Records shown
⟨
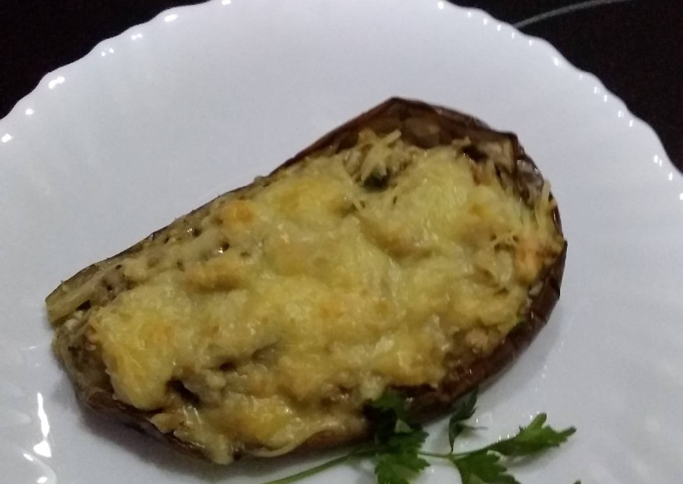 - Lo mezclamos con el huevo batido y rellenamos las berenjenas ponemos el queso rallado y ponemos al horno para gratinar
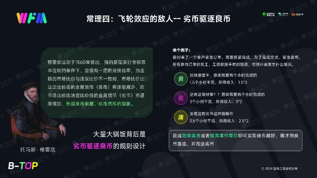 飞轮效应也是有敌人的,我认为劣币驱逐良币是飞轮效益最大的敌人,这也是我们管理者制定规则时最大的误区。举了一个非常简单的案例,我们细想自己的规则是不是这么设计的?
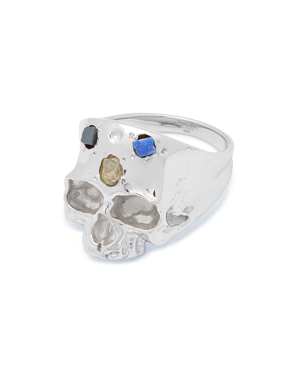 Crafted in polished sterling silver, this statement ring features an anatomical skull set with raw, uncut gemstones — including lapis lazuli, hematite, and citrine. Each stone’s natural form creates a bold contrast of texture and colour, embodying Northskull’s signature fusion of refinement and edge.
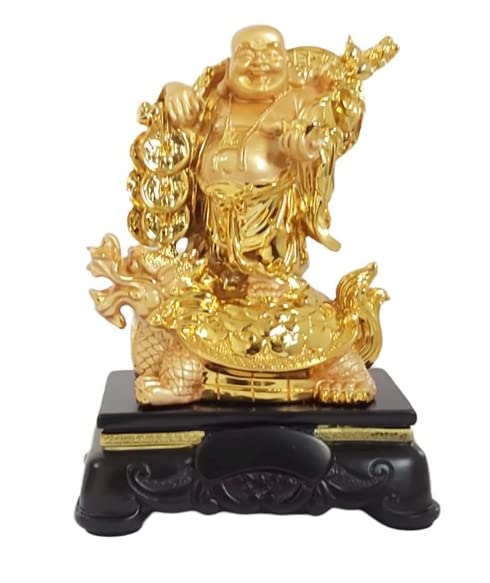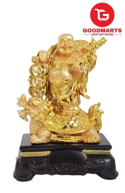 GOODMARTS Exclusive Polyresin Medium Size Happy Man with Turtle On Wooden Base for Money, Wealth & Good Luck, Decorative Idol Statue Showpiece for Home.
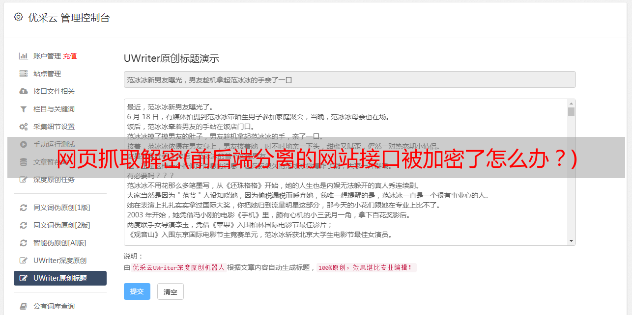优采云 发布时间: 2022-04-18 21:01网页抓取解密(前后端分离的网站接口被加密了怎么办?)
⟩
⟨
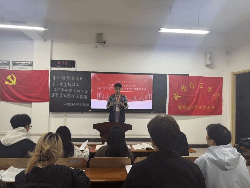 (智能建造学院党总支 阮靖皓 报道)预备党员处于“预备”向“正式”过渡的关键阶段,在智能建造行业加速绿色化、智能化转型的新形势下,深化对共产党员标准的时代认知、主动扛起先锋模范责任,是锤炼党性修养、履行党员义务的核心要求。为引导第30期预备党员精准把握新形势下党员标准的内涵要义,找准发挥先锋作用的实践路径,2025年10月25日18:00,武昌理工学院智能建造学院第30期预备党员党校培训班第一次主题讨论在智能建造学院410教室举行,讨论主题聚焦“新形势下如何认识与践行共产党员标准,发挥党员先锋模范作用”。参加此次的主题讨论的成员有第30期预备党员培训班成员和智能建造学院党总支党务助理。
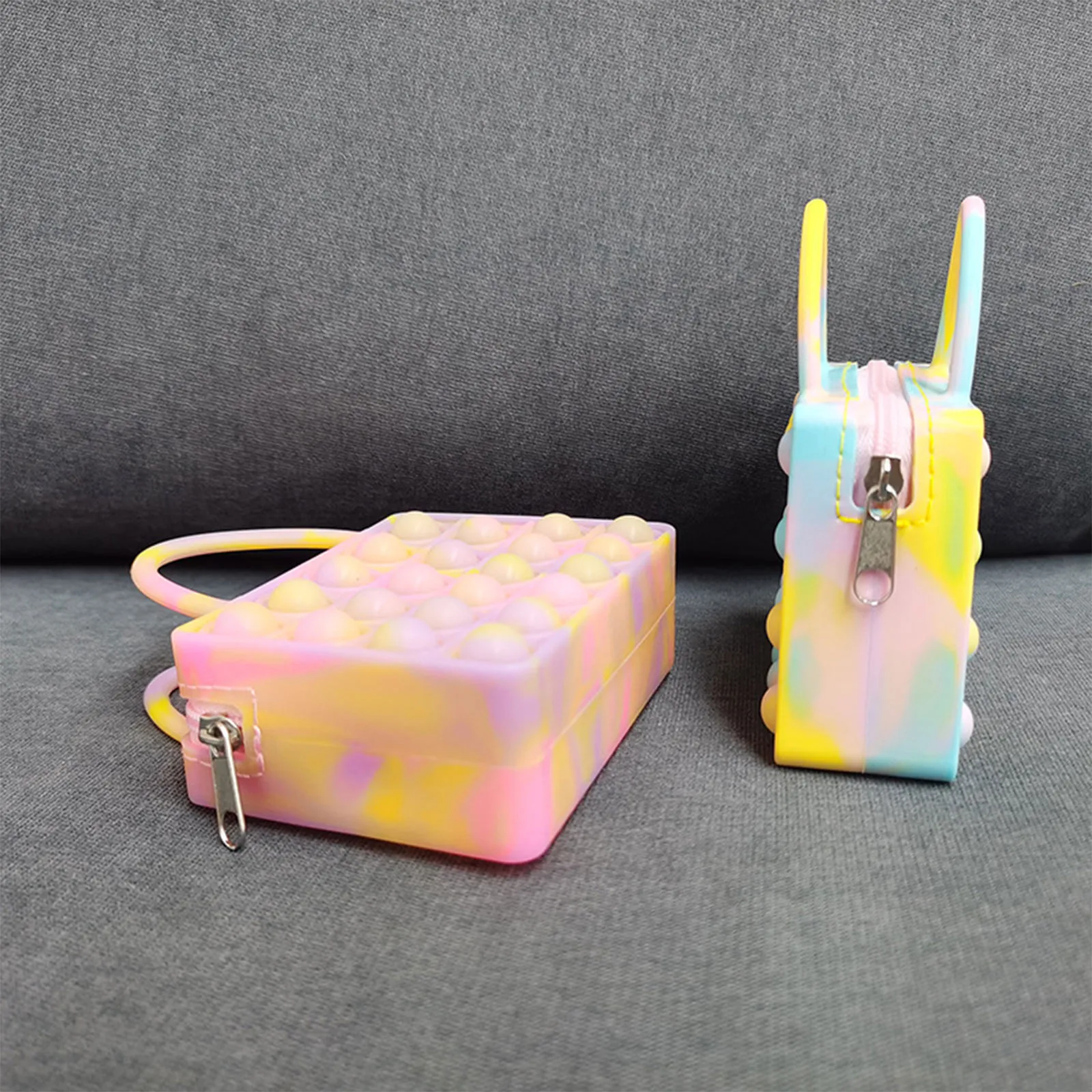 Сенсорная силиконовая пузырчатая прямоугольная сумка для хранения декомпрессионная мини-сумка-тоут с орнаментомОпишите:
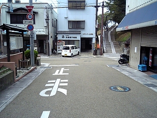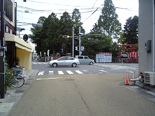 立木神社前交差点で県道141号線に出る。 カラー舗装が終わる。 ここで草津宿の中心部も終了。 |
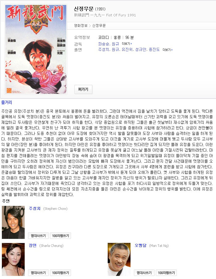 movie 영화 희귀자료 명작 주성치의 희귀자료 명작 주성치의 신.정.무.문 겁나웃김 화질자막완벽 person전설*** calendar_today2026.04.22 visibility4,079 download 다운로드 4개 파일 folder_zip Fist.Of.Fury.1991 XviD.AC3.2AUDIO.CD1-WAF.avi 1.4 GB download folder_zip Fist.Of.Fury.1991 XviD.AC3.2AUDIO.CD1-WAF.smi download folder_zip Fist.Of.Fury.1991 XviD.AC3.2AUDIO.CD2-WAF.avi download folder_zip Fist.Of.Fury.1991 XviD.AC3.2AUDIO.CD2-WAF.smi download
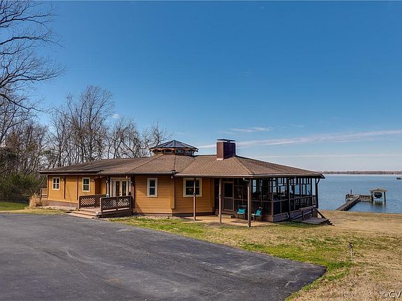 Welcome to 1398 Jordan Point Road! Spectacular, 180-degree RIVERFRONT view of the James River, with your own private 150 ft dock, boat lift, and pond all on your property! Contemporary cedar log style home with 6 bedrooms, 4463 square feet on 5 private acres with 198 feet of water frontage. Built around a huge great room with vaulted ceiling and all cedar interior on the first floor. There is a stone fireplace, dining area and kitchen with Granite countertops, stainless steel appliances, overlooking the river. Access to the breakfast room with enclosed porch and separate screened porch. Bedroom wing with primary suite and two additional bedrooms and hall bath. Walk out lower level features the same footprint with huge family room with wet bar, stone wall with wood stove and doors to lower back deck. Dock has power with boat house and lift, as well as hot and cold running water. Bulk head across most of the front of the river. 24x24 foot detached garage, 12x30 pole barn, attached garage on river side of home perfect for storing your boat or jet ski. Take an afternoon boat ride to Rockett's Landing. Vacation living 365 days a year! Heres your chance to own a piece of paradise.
⟩
⟨
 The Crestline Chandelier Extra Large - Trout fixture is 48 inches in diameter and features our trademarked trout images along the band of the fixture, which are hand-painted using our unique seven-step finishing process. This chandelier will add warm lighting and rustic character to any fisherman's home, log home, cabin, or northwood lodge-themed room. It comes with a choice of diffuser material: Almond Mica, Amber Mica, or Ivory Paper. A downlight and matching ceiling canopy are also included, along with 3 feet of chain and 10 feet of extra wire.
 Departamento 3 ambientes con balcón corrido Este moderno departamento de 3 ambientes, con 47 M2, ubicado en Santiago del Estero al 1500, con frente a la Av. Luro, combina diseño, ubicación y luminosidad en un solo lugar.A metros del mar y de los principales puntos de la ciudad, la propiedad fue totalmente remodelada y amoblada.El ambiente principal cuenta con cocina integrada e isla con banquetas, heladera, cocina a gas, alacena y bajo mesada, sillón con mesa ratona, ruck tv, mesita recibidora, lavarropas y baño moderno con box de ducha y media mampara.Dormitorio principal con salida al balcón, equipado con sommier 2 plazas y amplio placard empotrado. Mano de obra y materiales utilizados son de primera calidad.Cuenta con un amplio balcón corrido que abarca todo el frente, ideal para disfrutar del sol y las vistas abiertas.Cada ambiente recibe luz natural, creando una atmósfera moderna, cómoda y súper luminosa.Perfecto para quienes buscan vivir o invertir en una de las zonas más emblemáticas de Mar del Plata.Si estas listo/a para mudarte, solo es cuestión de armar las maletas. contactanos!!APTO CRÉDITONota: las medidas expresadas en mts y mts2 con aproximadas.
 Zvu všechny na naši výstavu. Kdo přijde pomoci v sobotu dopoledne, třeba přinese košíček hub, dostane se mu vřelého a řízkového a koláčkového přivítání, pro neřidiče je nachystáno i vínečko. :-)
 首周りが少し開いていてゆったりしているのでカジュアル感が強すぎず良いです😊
⟩
Problem
For the data above, set down exactly the lines from the line with "- Lo mezclamos" to the line with "优采云 发布时间: 2022-04-18", both included, leaving pictures out.

Solution to this problem
 - Lo mezclamos con el huevo batido y rellenamos las berenjenas ponemos el queso rallado y ponemos al horno para gratinar
 飞轮效应也是有敌人的,我认为劣币驱逐良币是飞轮效益最大的敌人,这也是我们管理者制定规则时最大的误区。举了一个非常简单的案例,我们细想自己的规则是不是这么设计的?
 Crafted in polished sterling silver, this statement ring features an anatomical skull set with raw, uncut gemstones — including lapis lazuli, hematite, and citrine. Each stone’s natural form creates a bold contrast of texture and colour, embodying Northskull’s signature fusion of refinement and edge.
 GOODMARTS Exclusive Polyresin Medium Size Happy Man with Turtle On Wooden Base for Money, Wealth & Good Luck, Decorative Idol Statue Showpiece for Home.
优采云 发布时间: 2022-04-18 21:01网页抓取解密(前后端分离的网站接口被加密了怎么办?)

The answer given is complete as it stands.